09-F9-11-02-9D-74-E3-5B-D8-41-56-C5-63-56-88-C0

May 4, 2007 at 12:14 PM

It's been a while since I've posted, and I'm not going to say much in this post.

"Brendan, what's this strange title you've chosen?", you may ask. This is the original (there's another one coming out soon) HD-DVD encryption key. It's used by the MAFIAA to protect their intellectual property. The video and audio on all DVDs and HD-DVDs is encrypted—under the DMCA, it is illegal to possess or create tools to break said encryption, even if you legally own the movie. This means that all DVD (and HD-DVD) players must be approved to decrypt the movies, otherwise they are in violation—and of course, there's no legal player for Linux. This is ridiculous, but that battle is for another post.

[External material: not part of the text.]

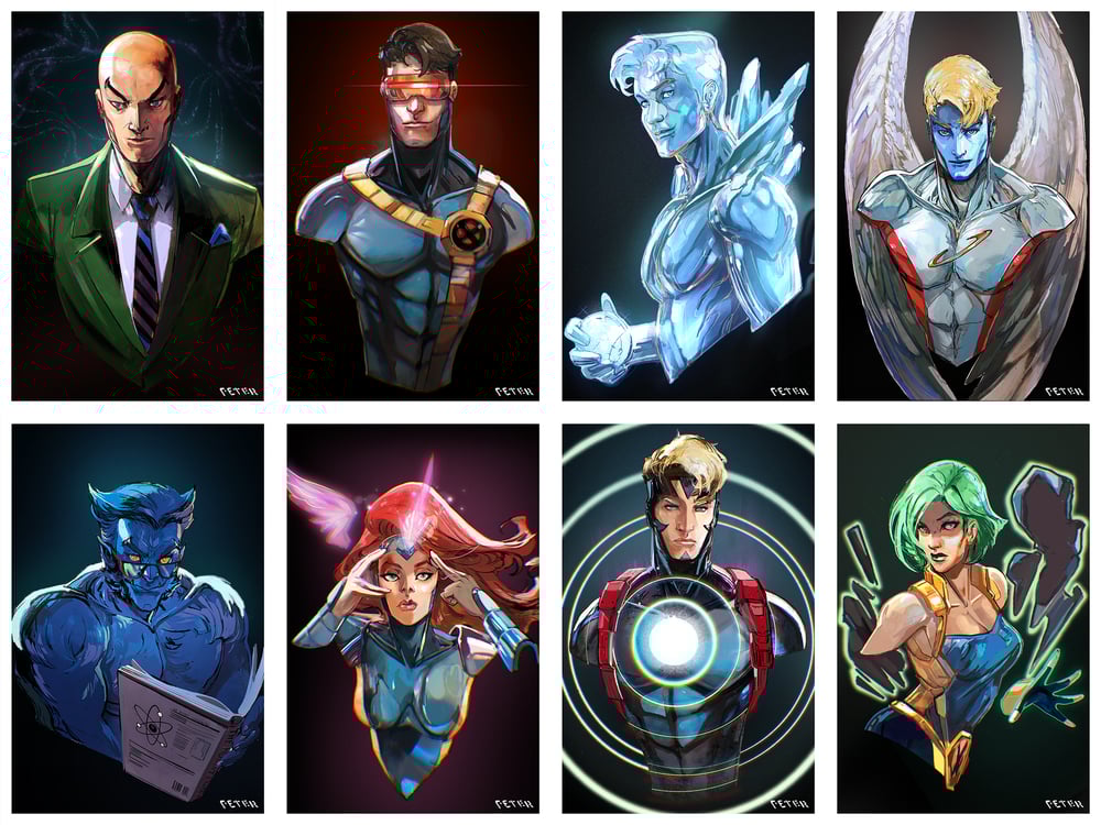 This product includes 8 mini print set of the original X-men the Animated Series with all the guest stars of the series. All of the 8 prints will be signed by Peter Nguyen the artist. Each print measures out 6 by 9 and together all 8 make a rainbow with a black and white.

What I'm posting about is a different misappropriation of intellectual property law. Digg received a notice demanding them to take down stories promoting this number (and yes, this is a hexadecimal number). The reasoning follows:

We've been notified by the owners of this intellectual property that they believe the posting of the encryption key infringes their intellectual property rights.

That a particular number could even be suggested as being intellectual property belonging to anyone is ludicrous. See, 09-F9-11-02-9D-74-E3-5B-D8-41-56-C5-63-56-88-C0 is actually equal to 13,256,278,887,989,457,651,018,865,901,401,704,640—a large number, to be sure, but a number nonetheless. Let's take a look at some US Copyright law, shall we? "What works are protected?", a consumer may ask—interesting, no numbers here. How about the answer to "What is not protected by copyright?"—now we're in interesting territory. Depending on your metaphysical beliefs, numbers may only be ideas, but that's beside the point: they are most definitely common property.

That's the rub—a number can't be "owned" by someone, and it certainly shouldn't be purported to be one's own development or "trade secret". Digg eventually capitulated to the demands of the masses and stopped trying to nix stories about this, to their credit.

So please, pass it on: 09-F9-11-02-9D-74-E3-5B-D8-41-56-C5-63-56-88-C0 is a cool, cool number. Use it wisely, or don't—just never allow anyone to tell you what you can and can't do with something as fundamental as an integer.


A small addendum:

Since I couldn't find one readily accessible online, I wrote a Ruby-based hexadecimal to integer conversion script and am releasing it via the MIT License.